*Input data*:
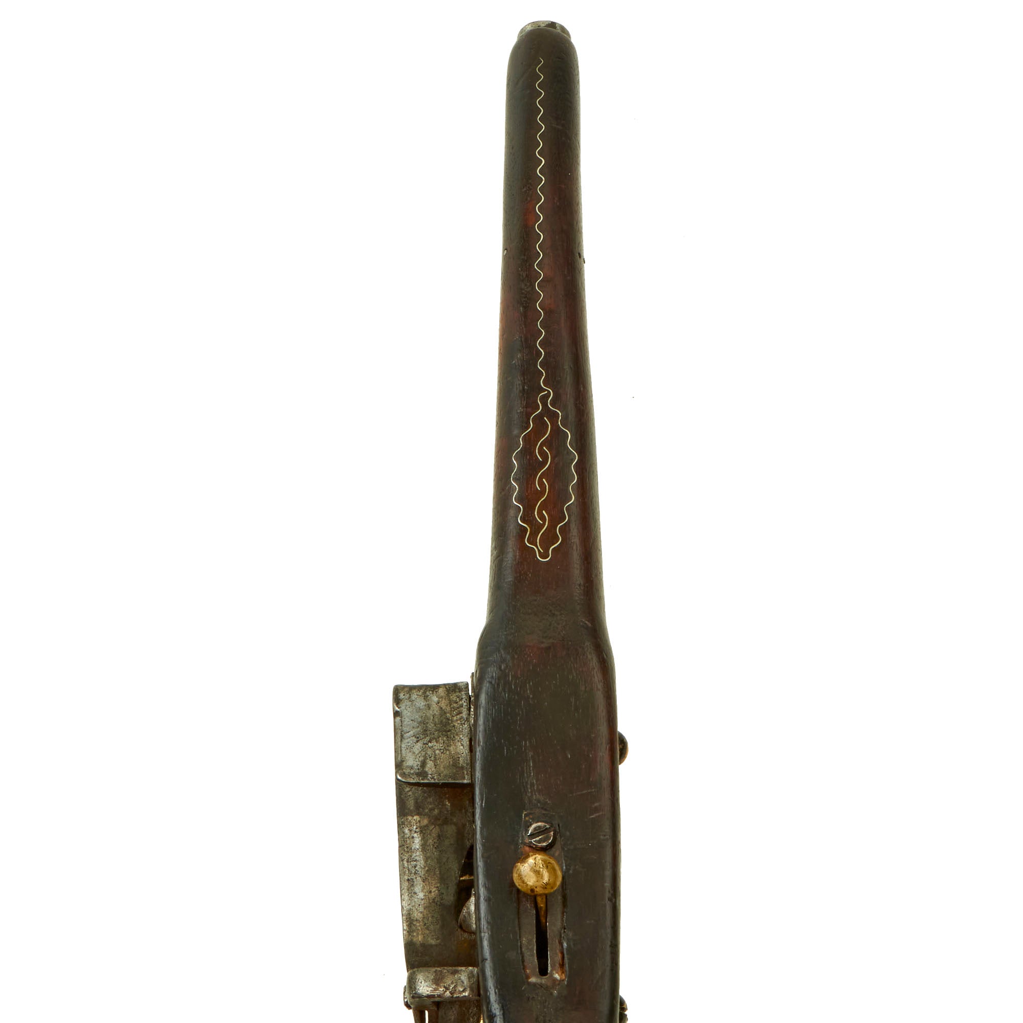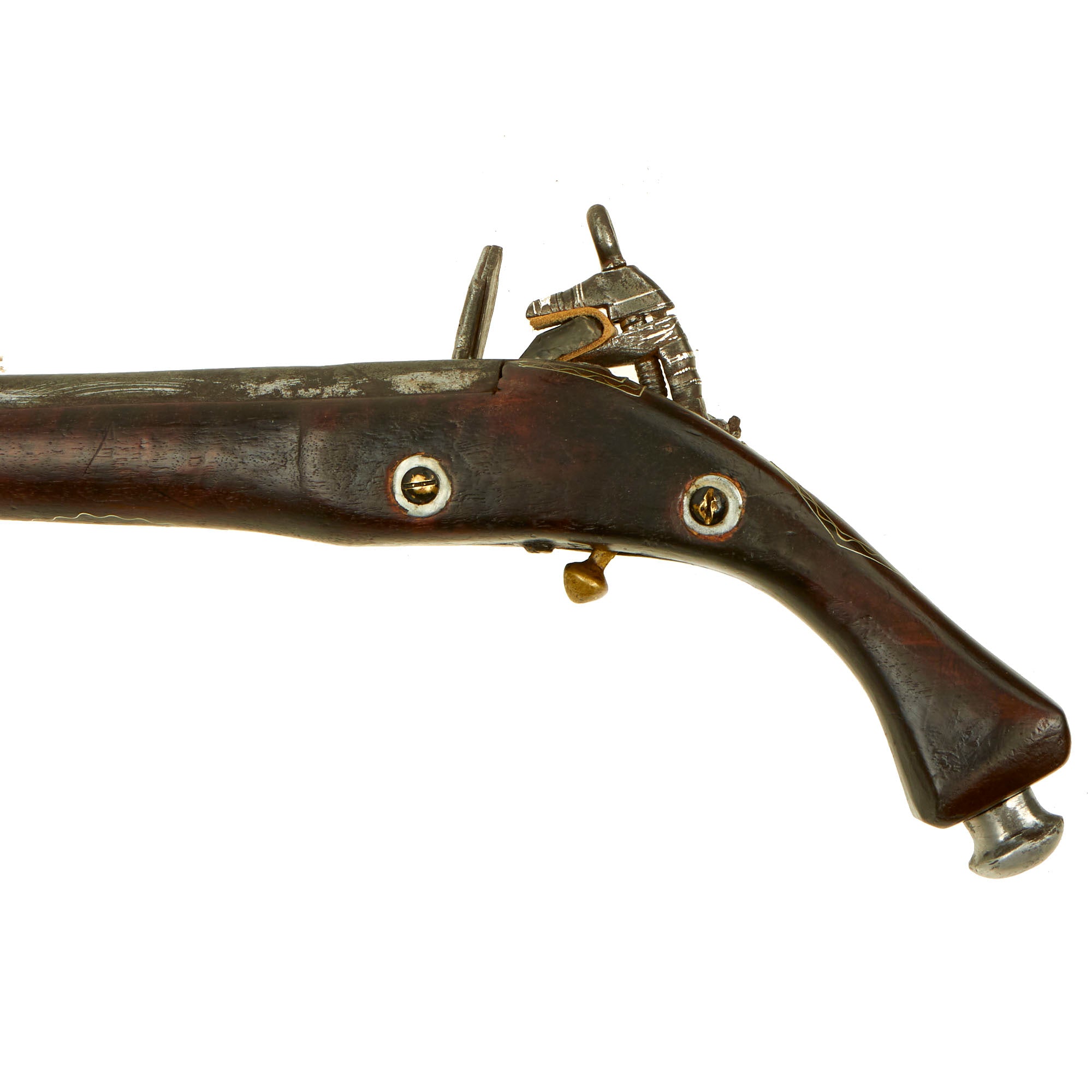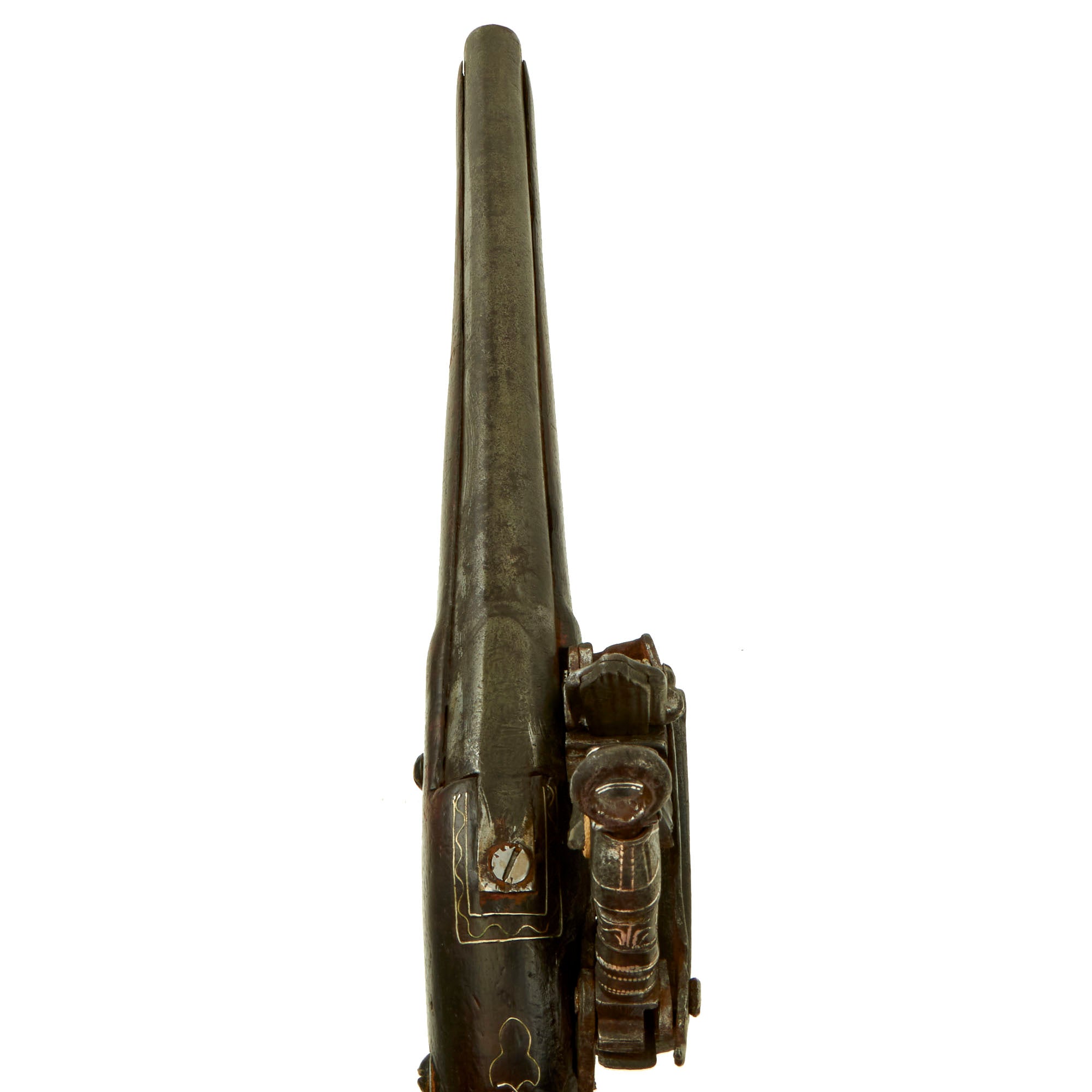Original Item: Only One Available. This is a very nice OTTOMAN Empire Turkish miquelet flintlock pistol, most likely made circa 1850. The lock definitely appears to pre-date that, probably originating from the mid 1700s, and probably from a musket based on the size. The pistol definitely has some interesting characteristics that we don't usually see, such as the rectangular bottom of the butt, as well as the white metal stud attached to it.
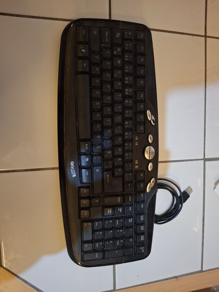 Tam tuş düzenine ve ek medya kontrol tuşlarına sahip siyah Teknos USB klavye.
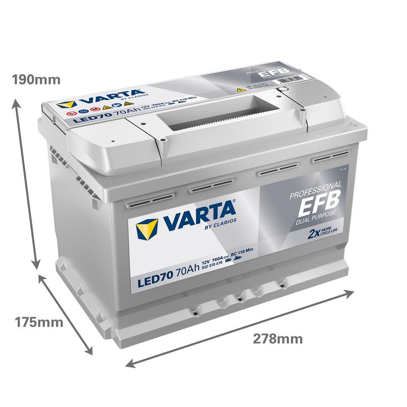 Den robusta konstruktionen och den förbättrade djupurladdningsförmågan gör Varta Professional Dual Purpose EFB perfekt för moderna båtar. Det är idealiskt för att tillgodose både startbehov och kontinuerlig drift av elektroniska system ombord.

*What this task involves*: Every line of the material is to be quoted exactly, with no pictures carried over.

*Answer to the exercise*:
Original Item: Only One Available. This is a very nice OTTOMAN Empire Turkish miquelet flintlock pistol, most likely made circa 1850. The lock definitely appears to pre-date that, probably originating from the mid 1700s, and probably from a musket based on the size. The pistol definitely has some interesting characteristics that we don't usually see, such as the rectangular bottom of the butt, as well as the white metal stud attached to it.
 Tam tuş düzenine ve ek medya kontrol tuşlarına sahip siyah Teknos USB klavye.
 Den robusta konstruktionen och den förbättrade djupurladdningsförmågan gör Varta Professional Dual Purpose EFB perfekt för moderna båtar. Det är idealiskt för att tillgodose både startbehov och kontinuerlig drift av elektroniska system ombord.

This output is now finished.